▶ [PROBLEM STATEMENT]: Every line in the records below between the one holding "Всего в тепличном" and the one holding "Cozy Old Navy", inclusive, is to be set down exactly; all other lines are to be left out.

▶ [DATA EXCERPTS]:
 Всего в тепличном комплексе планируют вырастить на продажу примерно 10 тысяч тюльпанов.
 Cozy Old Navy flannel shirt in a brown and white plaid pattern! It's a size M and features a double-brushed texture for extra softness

==

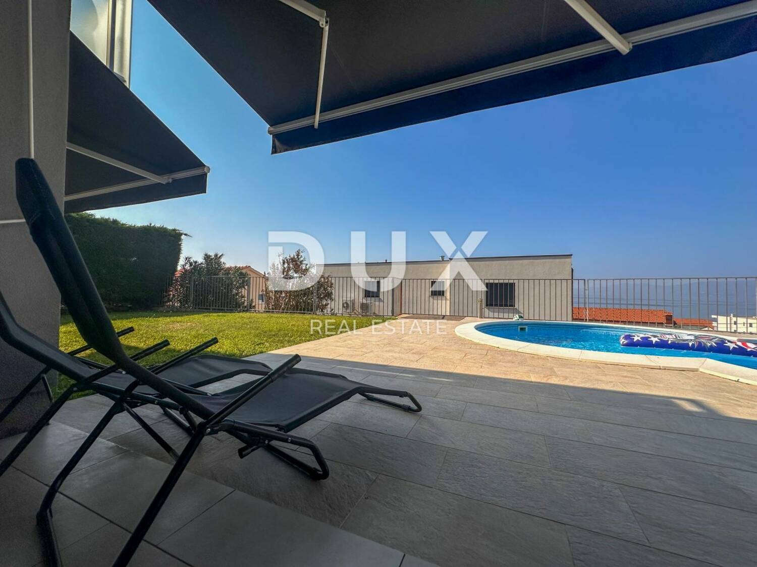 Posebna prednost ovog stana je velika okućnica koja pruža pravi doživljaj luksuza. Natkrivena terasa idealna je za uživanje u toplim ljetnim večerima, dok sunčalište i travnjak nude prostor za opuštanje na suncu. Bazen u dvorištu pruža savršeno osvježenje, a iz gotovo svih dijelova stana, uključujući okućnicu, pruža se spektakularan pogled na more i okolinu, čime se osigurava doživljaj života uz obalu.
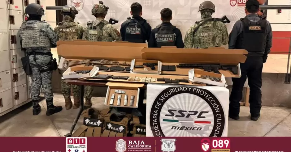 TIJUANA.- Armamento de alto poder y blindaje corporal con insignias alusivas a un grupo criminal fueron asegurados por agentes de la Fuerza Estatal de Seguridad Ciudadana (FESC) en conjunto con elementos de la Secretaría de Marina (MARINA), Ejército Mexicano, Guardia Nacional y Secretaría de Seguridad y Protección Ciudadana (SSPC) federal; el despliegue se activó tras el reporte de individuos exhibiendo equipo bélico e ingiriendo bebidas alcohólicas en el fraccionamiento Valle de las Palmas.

▶ [RESULT OF THE TASK]:
 Всего в тепличном комплексе планируют вырастить на продажу примерно 10 тысяч тюльпанов.
 Cozy Old Navy flannel shirt in a brown and white plaid pattern! It's a size M and features a double-brushed texture for extra softness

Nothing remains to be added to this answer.